Luck was on their side, Dorsey says, and they happened to meet the parents of a student from the Rhode Island School of Design (RISD). The student and her best friend (apparel design majors Jenny Lai and Lindsay Perkins) were intrigued by the design aspect of the project, set up an internship and “blew it out of the park, helping create our first two collections,” says Miller. Those collections were primarily paper beads, made of recycled papers found in Rwanda—from file folders to magazines to packaging for hair extensions. But saying “paper beads” doesn’t give any indication of just how incredible these pieces actually are.
Dubbed Umoja (meaning “unity” in Swahili) and Malika (meaning “queen”), the lines got an outing at Mai in Nashville on Dec. 12, along with pieces from the newer Shuja’ah (“warrior”) and M’cizi (“streetsmart”) collections, some of which were made in Kenya, and which utilize more native materials, including leather, bone, horn and fabrics.
The working relationship with RISD has continued, and now the school looks to build a class around Keza designs, with many more interns signed up to work with the company and invest their efforts in its creations. “We should have something like 10 interns this summer, working in all capacities,” says Dorsey. “We’re used to the community in Africa being cool, being humble, selfless and giving. It’s great to see that from America too. It’s all coming together.”
Miller adds that they’re not just working for a paycheck, there’s a purpose in what Keza does. “It’s really about finding your passion. My father [Franklin author Dan Miller] wrote a book about it—48 Days to the Work You Love—and that’s really what this is about.”
Keza’s mission has a larger purpose: sustainability and true fair trade. Treating the community and those who work for your company with respect, rather than exploiting them and their environment, are vital aspects of the business. That means if they make a necklace that a retailer might sell for $400, they probably sold it to the retailer for $200 wholesale.
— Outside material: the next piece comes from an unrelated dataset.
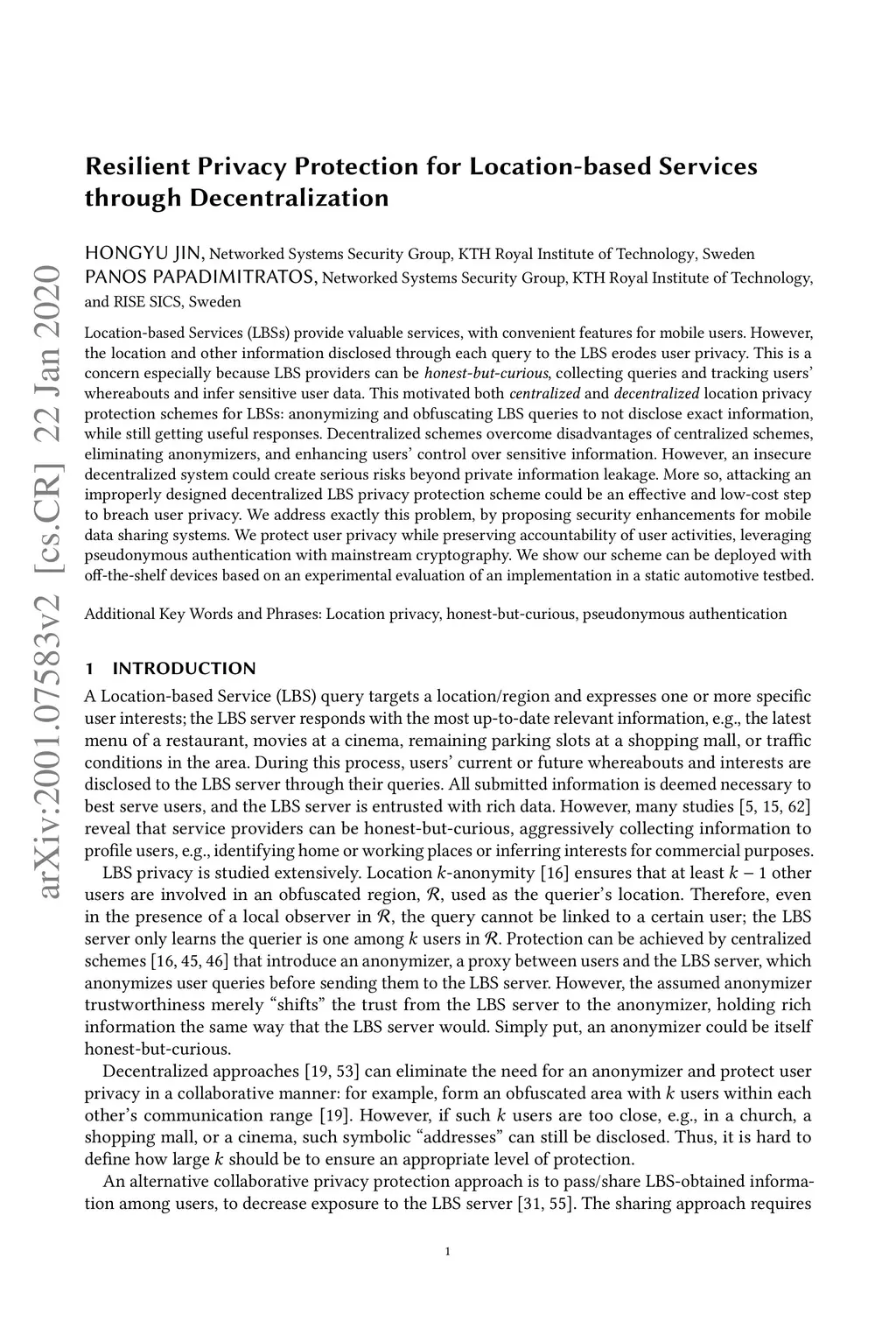Location-Based Services (LBSs) provide valuable services, with convenient features for mobile users. However, the location and other information disclosed through each query to the LBS erodes user privacy. This is a concern especially because LBS providers can be honest-but-curious, collecting queries and tracking users' whereabouts and infer sensitive user data. This motivated both centralized and decentralized location privacy protection schemes for LBSs: anonymizing and obfuscating LBS queries to not disclose exact information, while still getting useful responses. Decentralized schemes overcome disadvantages of centralized schemes, eliminating anonymizers, and enhancing users' control over sensitive information. However, an insecure decentralized system could create serious risks beyond private information leakage. More so, attacking an improperly designed decentralized LBS privacy protection scheme could be an effective and low-cost step to breach user privacy. We address exactly this problem, by proposing security enhancements for mobile data sharing systems. We protect user privacy while preserving accountability of user activities, leveraging pseudonymous authentication with mainstream cryptography. We show our scheme can be deployed with off-the-shelf devices based on an experimental evaluation of an implementation in a static automotive testbed.

But, many companies might have paid a pittance to get the original piece from the artisans who created it—perhaps a token $5. Keza is paying half the amount they can sell it for wholesale.
Further, they’ve worked hard to make sure the women who work for them have what they need to live comfortably and well—and reason to hold their heads high. Genuine funding and good, legitimate pay means they can afford healthcare and to send their children to school. Encouraging them to work as a whole group, rather than as individuals, has a major impact as well—the group supports each other and is stronger for it, and when one is sicker or weaker than the others, she needn’t lose out on everything. As a result, neither will any of their children.
Things have progressed to the point that the working group in Rwanda is now 100 percent run in Rwanda—under the name Burnaga. They sell to Keza at a fair rate and with their creations, help rebrand the image of Rwanda as a whole. In the process of building the company, Keza has created a template that can be scaled for use almost anywhere. They’re proving that with the work now being done in Mombasa, Kenya (a location that will also make it easier to get raw supplies to land-locked Rwanda).
Ultimately, what’s going to appeal to Western fashion buyers is the look, and these pieces are spectacular. The fashion industry is still booming, in spite of a two-year recession, and Americans, says Miller, are always going to want to look and feel good. The African creators of these pieces need to change their lives. “They have the resources and the talent, but no knowledge of the outside market, so that’s what we’re there to help with,” says Miller.